C# Graphics Programming

  • 1h 5m
  • Rod Stephens
  • John Wiley & Sons (US)
  • 2008

This Wrox Blox teaches you how to add graphics to C# 2008 applications, explaining fundamental graphics techniques such as: drawing shapes with different colors and line styles; filling areas with colors, gradients, and patterns; drawing text that is properly aligned, sized, and clipped exactly where you want it; manipulating images and saving results in bitmap, JPEG, and other types of files. Also covered are instructions for how to greatly increase your graphics capabilities using transformations. Transformations allow you to move, stretch, or rotate graphics. They also let you work in coordinate systems that make sense for your application. You will also learn how to use all of these techniques in printouts. The author describes the sequence of events that produce a printout and shows how to generate and preview printouts.

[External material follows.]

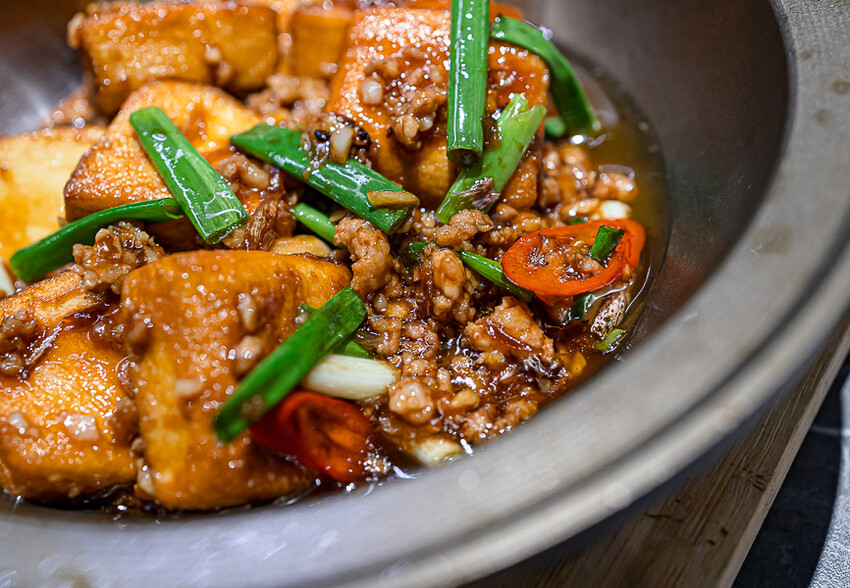 這道豆腐料理是使用老皮嫩肉的蛋豆腐,配上那香氣逼人絞肉、蔥蒜以及辣椒,基底的醬香濃厚,口味重超級下飯,雖有辣椒但不辣,味道十分出色我很喜歡!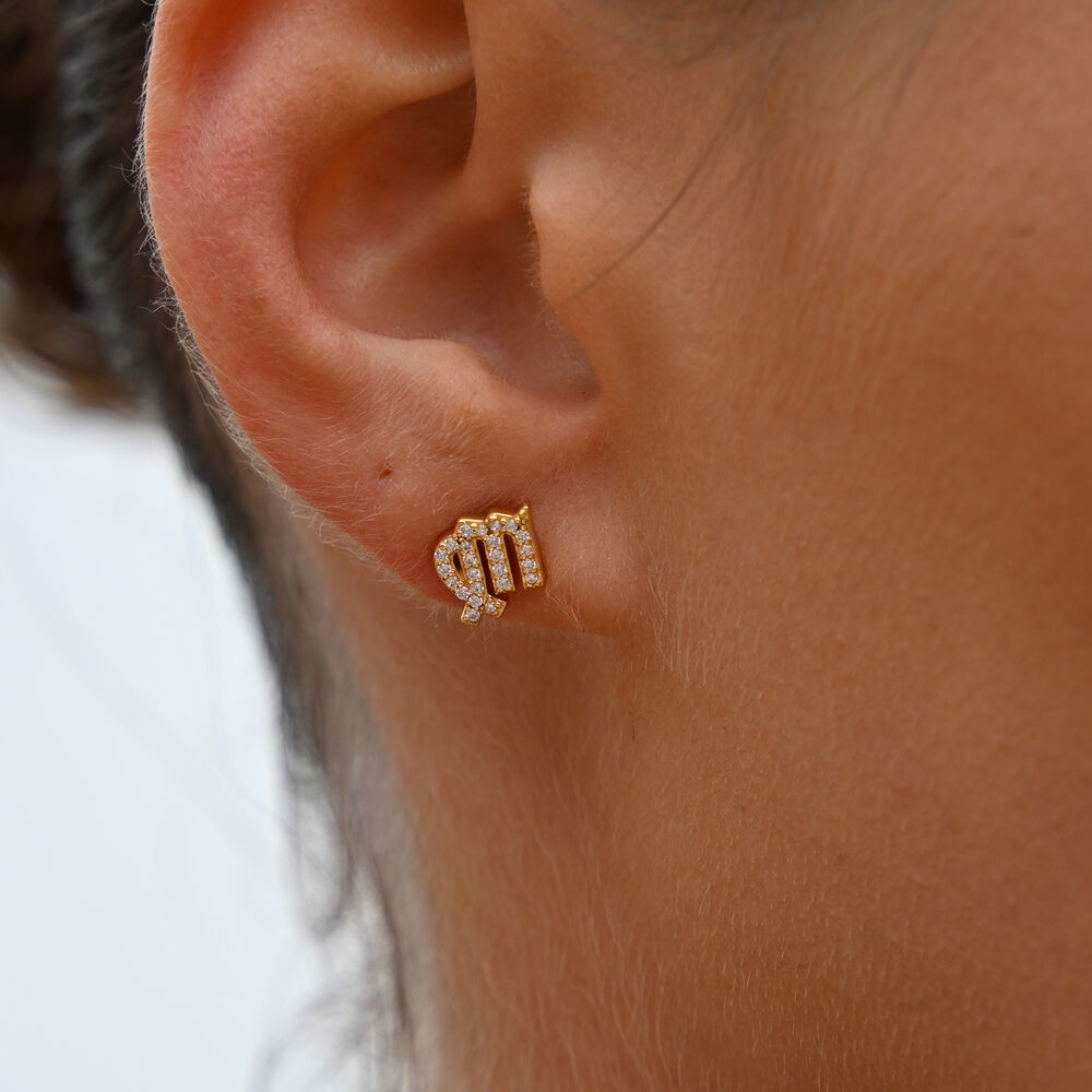 Virgo Artisan Zirconia Pavé Stud Earrings (Gold)

The final sections describe two powerful new graphic tools that were introduced with .NET Framework 3.0: WPF graphics and FlowDocuments. WPF applications can use XAML graphic commands to declaratively draw and fill the same kinds of shapes that a program can draw by using graphics objects.

Finally, a discussion on the FlowDocument object shows you how to define items that should be flowed across multiple pages as space permits. This lets you display text, graphics, controls, and other items that automatically flow across page breaks. FlowDocument viewers make displaying these documents easy for you, and simplifies the user's reading of the documents.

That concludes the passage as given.